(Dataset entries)
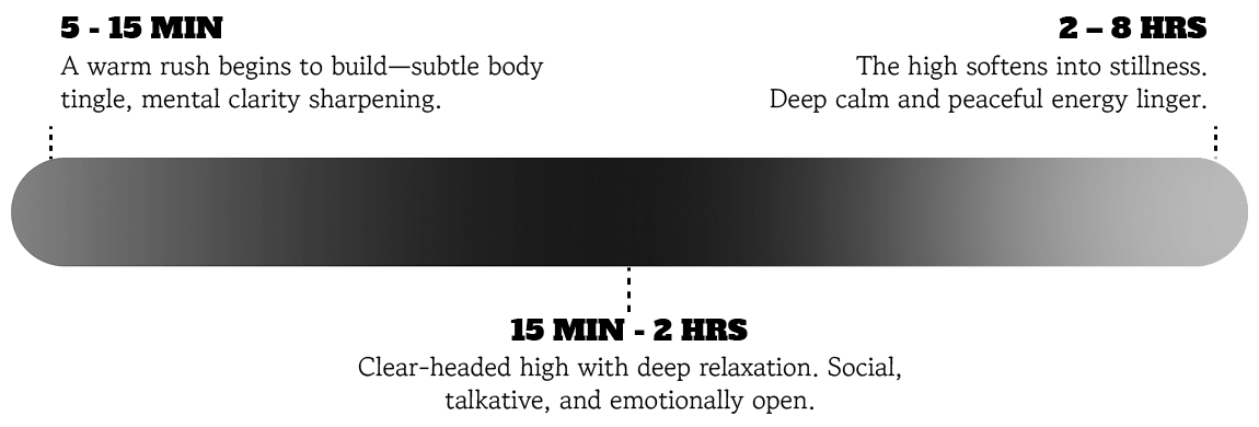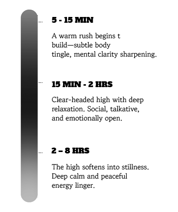 Users may report increased focus, relaxed energy, and enhanced mood. Experience may vary depending on personal tolerance and body chemistry.
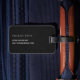 Impression en faux cuir noir comme arrière - plan. Personnalisez et ajoutez vos lettres monographiques et votre nom complet sur le devant. Vos coordonnées au verso. Texte blanc.
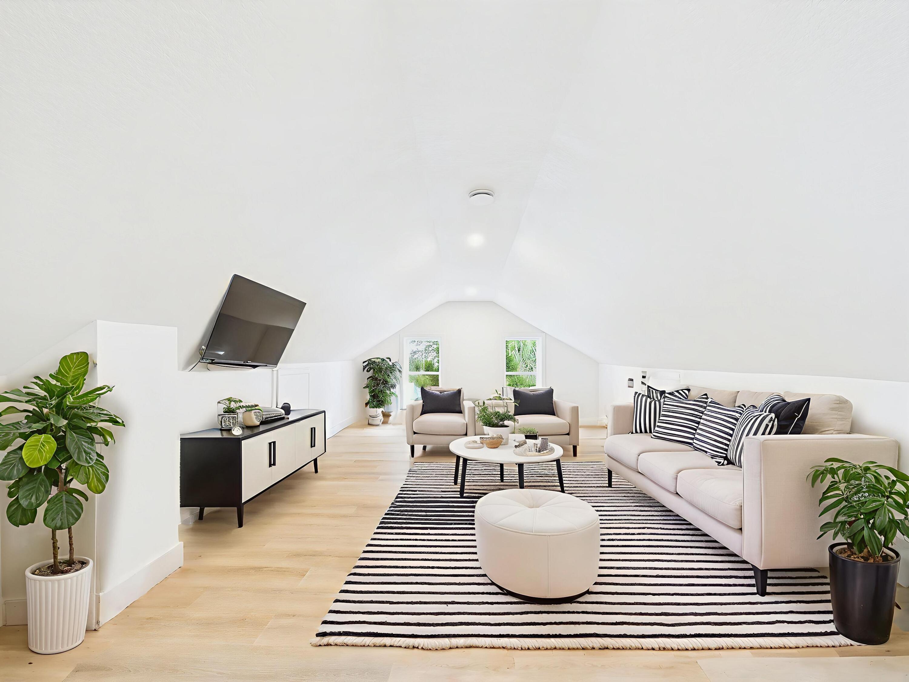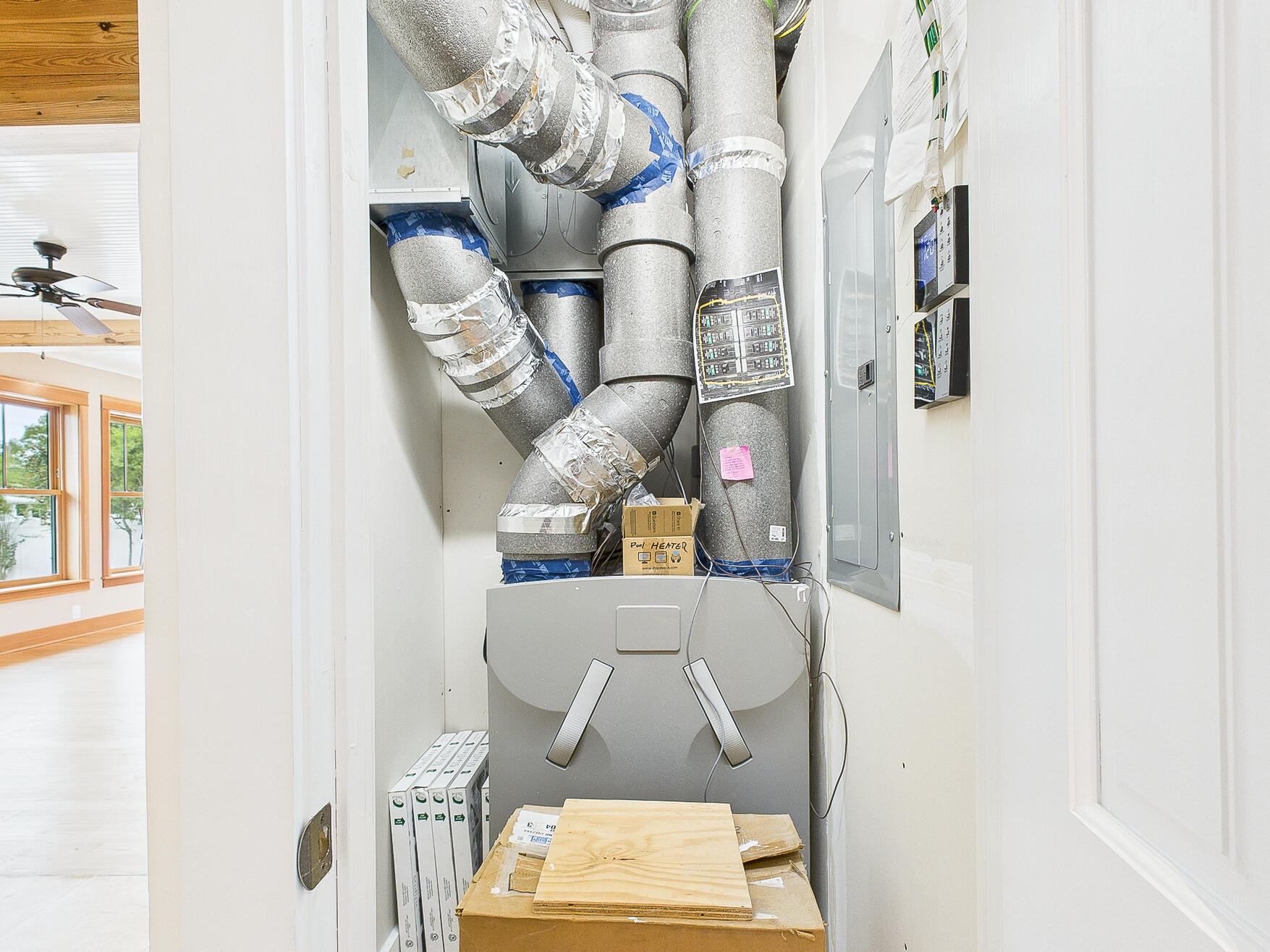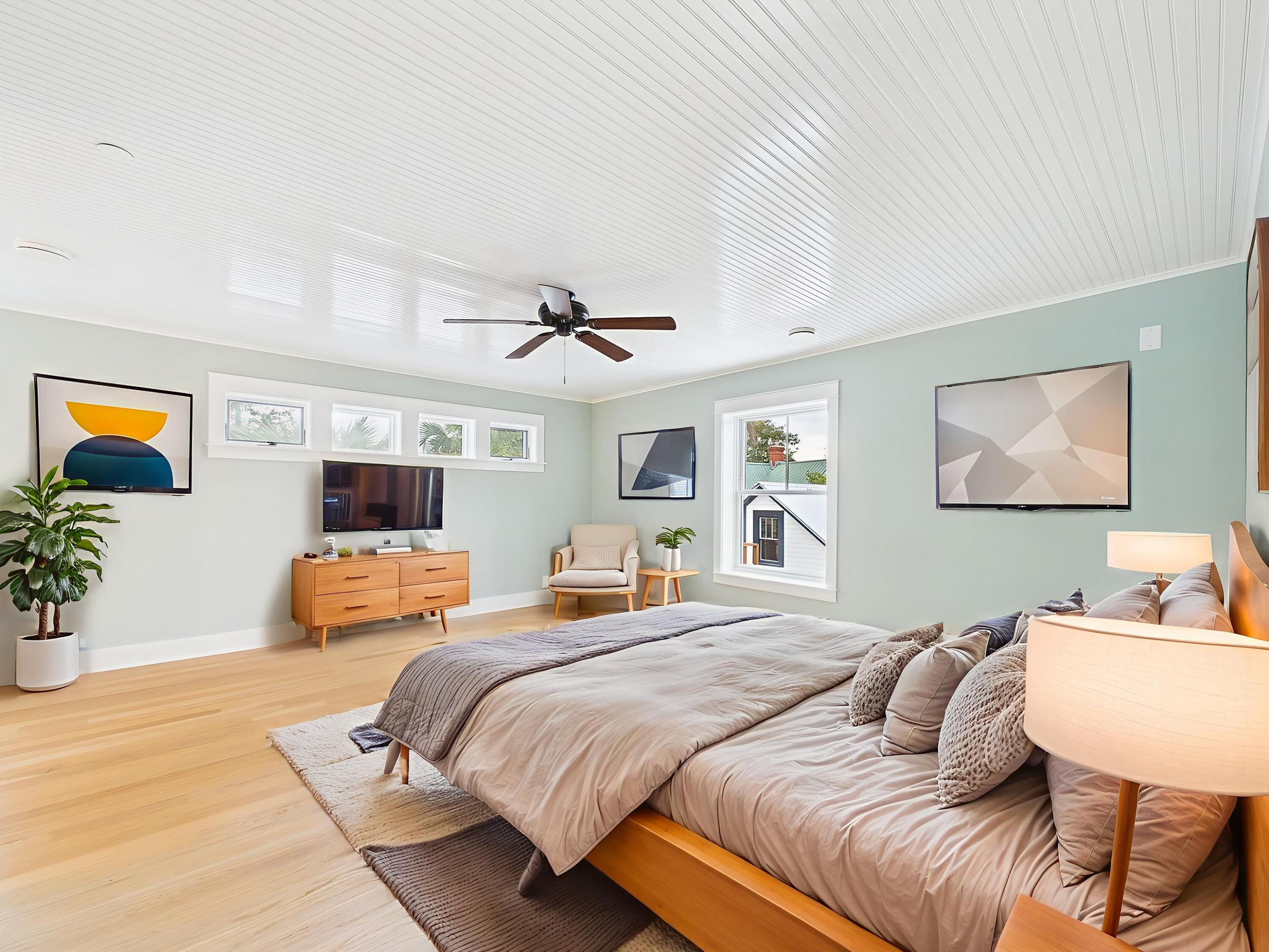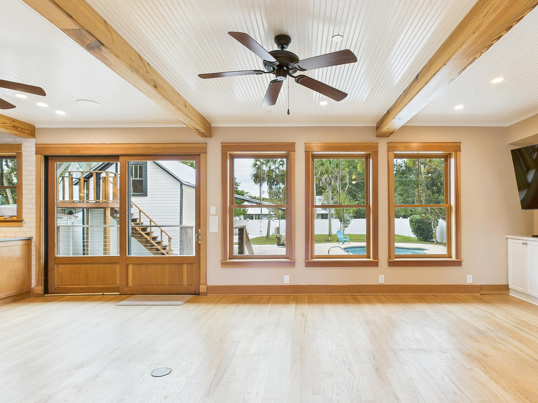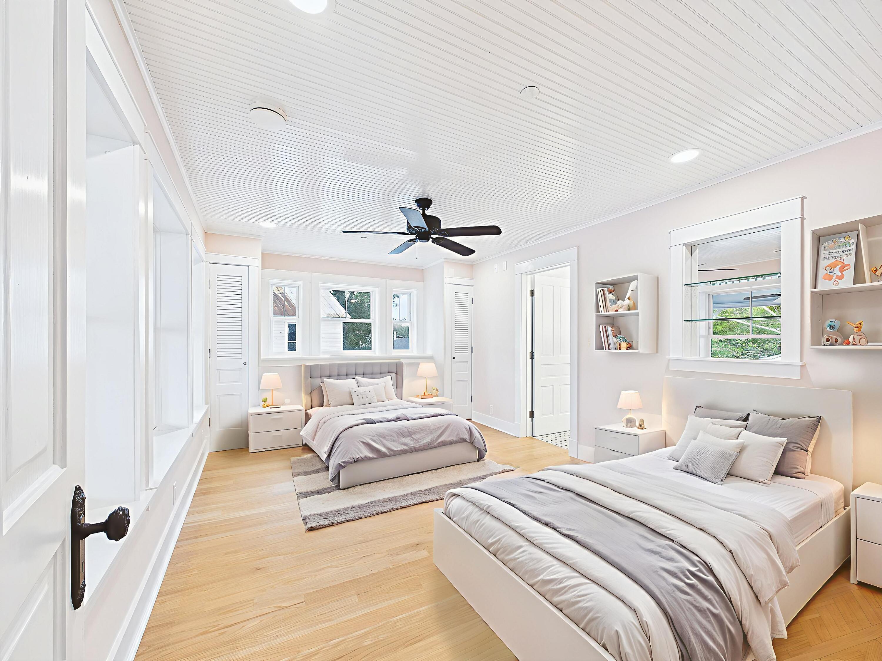 Welcome to this fully restored 1888 architectural gem blending historic charm with modern luxury, located in the heart of a thriving community poised for thoughtful growth. Originally constructed during DeFuniak Springs' founding era and once home to renowned University of Kentucky professor Robert McKnight, this one-of-a-kind residence has been meticulously reimagined with no expense spared. Spanning over 4,625 square feet of cooled living space across three beautifully finished levels, the main home features 5 bedrooms plus a large bonus room, 3.5 bathrooms, and is already plumbed for an additional full bath and half bath on the third floor. Interior upgrades include premium wood flooring, soundproof wool insulation, state-of-the-art kitchen appliances with gas range and hood, 2 laundry rooms, and a high-end Menco fireplace with dual remotes, all framed with 2x6" construction for added strength, insulation, and soundproofingeven between interior rooms and ceilings. Enjoy outdoor living like never before with over 1,250 square feet of covered porches plus a 450 sq ft rooftop deck perfect for sunset viewing or future conversion into a rail-protected entertainment space. And for true Florida relaxation, take a dip in the custom guitar-shaped gunite pool, a nod to DeFuniak Springs' growing reputation as a North Florida music hub. This themed pool is both a showpiece and a private retreat, ideal for entertaining or unwinding under the stars. Every exterior door and window is top-of-the-line in quality, security, and soundproofing, and the NASA-donated roof insulation paired with a whole-home dehumidifier ensures year-round comfort and energy efficiency. The fully restored Carriage House, approximately 600 sq ft across two levels (uncooled but newly wired and lit), features a new concrete foundation, roof deck, and high-heat peel-and-seal metal roofing. It's primed for additional finished space, studio, or guest retreat potential. Safety and technology enhancements abound with five security cameras with lights and alarms, wall humidity sensors, a sprinkler system across all levels (currently dry for safety), and speaker wiring throughout. Additional highlights include premium kitchen cabinetry, built-ins, tankless water heater, Bidet-style commode, period-correct black gutters and downspouts, and a landscaped, fenced backyard with security gates and keyed access.
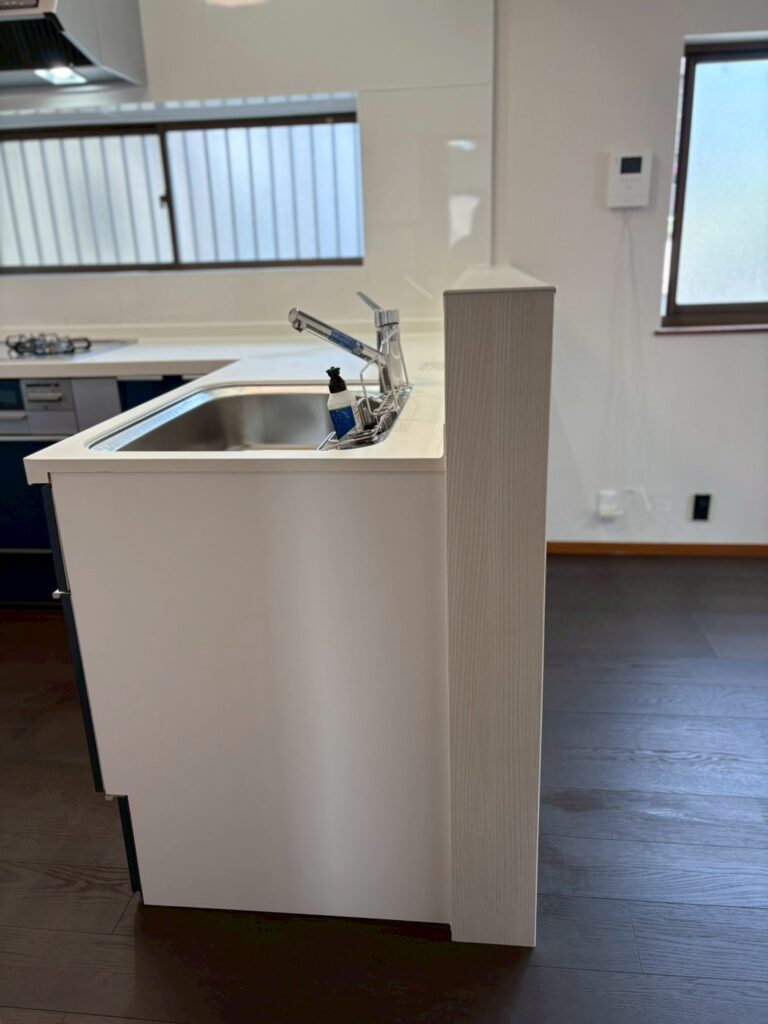 材料を冷蔵庫から出す→洗う→下ごしらえ→調理→配膳までが、数歩の距離で行えます。更に幅40cmあったキッチンカウンターが、奥行き15cmの腰壁になったので、ダイニングへお皿を渡すのも楽になりました。カウンターのぶんだけ、約20cmキッチンが広くなっています。
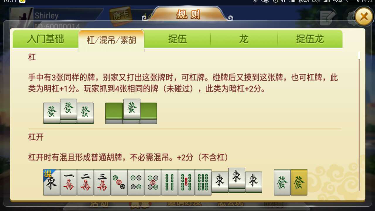 金杠: 抓到4张相同的混,称为金杠。开金杠时牌局结束,按混吊龙+8分。
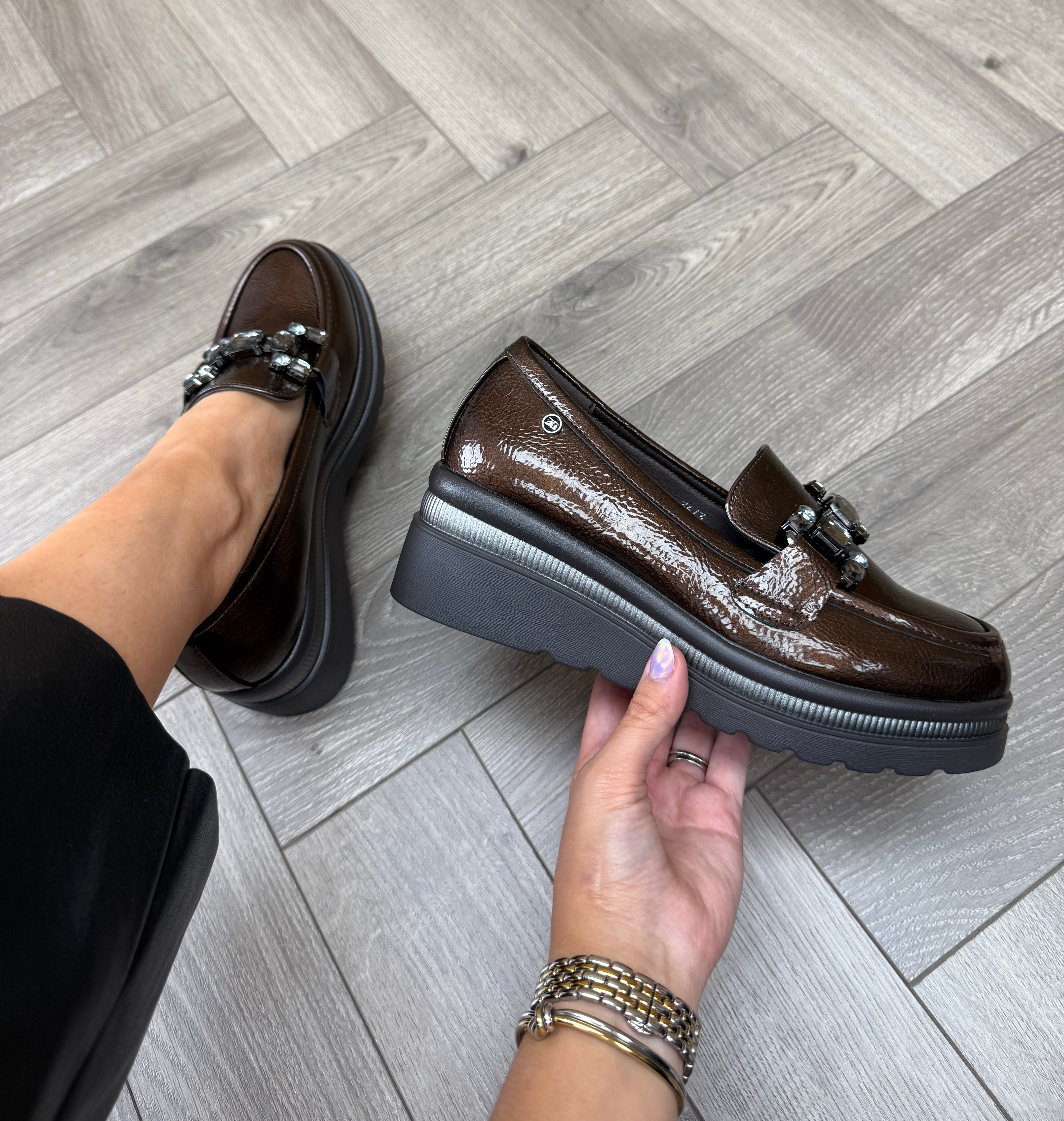 black patent wedge loafers sale
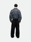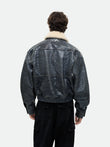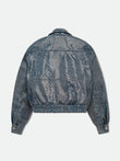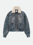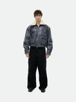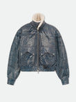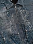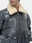 Blue Croc Embossed Leather Jacket with a detachable Sherpa collar featuring "RHUDE" Cutout Lettering on the front. The jacket is equipped with a two-way zipper closure adorned with distinctive Rhude Pill hardware and customized Rhude pill snap closures on pockets and sleeves.

● **Task to complete**:
Once the line containing "black patent wedge loafers sale" has been found, write out exactly that line and each one after it through the end of the data, leaving out every picture.

● **Task result**:
 black patent wedge loafers sale
 Blue Croc Embossed Leather Jacket with a detachable Sherpa collar featuring "RHUDE" Cutout Lettering on the front. The jacket is equipped with a two-way zipper closure adorned with distinctive Rhude Pill hardware and customized Rhude pill snap closures on pockets and sleeves.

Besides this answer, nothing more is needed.